26 States, D.C. Join Bid for NCLB Waivers
Some still sitting out as round-two bids filed with Ed. Dept.
Twenty-six states and the District of Columbia are seeking flexibility under the No Child Left Behind Act in the second round of federal waivers. That means the vast majority of states are on pace to be free from many of the fundamental requirements of the decade-old federal accountability law.
Already, 11 states have won waivers after promising to implement specific policy changes backed by President Barack Obama's administration, including tying teacher evaluations to student performance, adopting college- and career-readiness standards, and devising new accountability systems that factor in student growth. In exchange, states no longer need to aspire to 100 percent student proficiency in reading and math by the end of the 2013-14 school year or provide tutoring and public school choice for students if they fall short.
"The best ideas to meet the needs of individual students are going to come from the local level," U.S. Secretary of Education Arne Duncan said in a statement Feb. 29, a day after second-round applications were due. "Like the first round of waiver applicants, these plans will protect children, raise the bar, and give states the freedom to implement reforms that improve student achievement."
Those applying in this round are: Arkansas, Arizona, Connecticut, Delaware, Iowa, Idaho, Illinois, Kansas, Louisiana, Maryland, Michigan, Mississippi, Missouri, North Carolina, Nevada, New York, Ohio, Oregon, Rhode Island, South Carolina, South Dakota, Utah, Vermont, Virginia, Washington state, and Wisconsin, along with the District of Columbia.
States seeking second-round waivers will be notified of the U.S. Department of Education's decisions later this spring, which would give them time to turn their plans into reality by the start of the next school year. Given that the department approved all 11 applications from the first round—after requiring changes to each state's plan—it's likely that a significant number of the 27 applications from the second round will be approved.

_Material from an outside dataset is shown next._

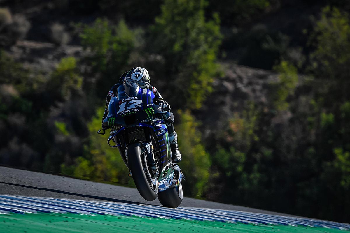 ทัพนักบิดยามาฮ่า ควบรถแข่ง YZR-M1 คว้าหัวแถวในการทดสอบอย่างเป็นทางการ ศึกโมโตจีพี 2020 ที่ เซอร์กิโต เดอ เฆเรซ-อังเคล นีอัตโต้ จากผลงานของ มาเวริค บีญาเลส #12 ดาวบิดสแปนิช สังกัดมอนสเตอร์ เอเนอร์จี้ ยามาฮ่า โมโตจีพี ที่บิดทำเวลาต่อรอบได้เร็วที่สุด ตามด้วย ฟาบิโอ กวาร์ตาราโร่ #20 ดาวรุ่งเฟรนช์แมน จาก ปิโตรนาส ยามาฮ่า เอสอาร์ที ที่รั้งจ่าฝูงในประเภททีมอิสระ

Several large states are still sitting out the waiver process; they include California,
Pennsylvania, and Texas. States still can apply in a third round, in September.
California officials continue to object to many of the waiver requirements as being costly and unworkable, such as redoing the statewide accountability system at a time when new standards and tests are being developed.
Twenty-six additional states plus the District of Columbia have applied for waivers under the No Child Left Behind Act, which would free them from many of the core tenets of the decade-old accountability law. Last month, the U.S. Department of Education awarded a first round of waivers to 11 states.
Instead, California wants to design its own waiver freeing it from several of the NCLB law's biggest sanctions, including the requirements that struggling schools set aside money for supplemental education services, professional development, and transportation related to school choice. State schools Superintendent Tom Torlakson wants to have Title I funding for disadvantaged students made available for strategies more tailored to districts' and schools' individual needs.
California's pursuit of more direct flexibility is "the only avenue we could see that could bring us some immediate relief from the aspects of No Child Left Behind that are harming our schools," said Paul Hefner, a spokesman for the state department of education.
The California board of education, which has the final say on whether to seek a waiver, is expected to vote on the issue on March 7.
The federal Education Department has said there are only two options for states: following the law as it is, or applying through the formal waiver process. Federal officials wouldn't comment on California's plans.
Delivering on Pledges
With 11 states now freed from some parts of No Child Left Behind, the current version of the Elementary and Secondary Education Act, and 27 more applications in the pipeline, the Education Department has turned to an important part of the waiver process: holding states to their new accountability promises.
The department has issued implementation letters that vary slightly by state and convey some important messages.
Accountability for individual subgroups of students, such as members of racial and ethnic minorities and students learning English, was a significant point of contention for states, federal officials, and civil rights groups, and it will be a chief focus of monitoring for the department.
In implementation letters to most of the 11 first-round states, the department said it would make sure the states provide "transparency" around subgroup performance—especially in states that are using a new so-called "super-subgroup," which typically lumps together smaller groups of students deemed at risk academically.
But the department also indicated it will be scrutinizing how Tennessee approves new "annual measurable objectives," or AMOs, and how New Jersey and Georgia are implementing their new, not-yet-final grading systems.
While waiver states are no longer required to offer tutoring and choice as under the NCLB law, the department has made clear that under a section of the law that hasn't been waived, districts have to allow students to stay in a public school of choice through that school's highest grade. States still are encouraged, though not required, to provide transportation to those schools.
The department also emphasized that it wants states to continue to consult with stakeholders, notably teachers' unions, as they implement their plans. If a state or a "significant number" of its school districts fail to implement the plan or file required reports, the department has reiterated that it will revoke a waiver.
Federal monitoring will begin before the start of the 2012-13 school year.
"We don't think states overcommitted in their plans. And we think states should be held to their applications," said Chris Minnich, the senior membership director for the Council of Chief State School Officers. "I think the states are welcoming this interaction."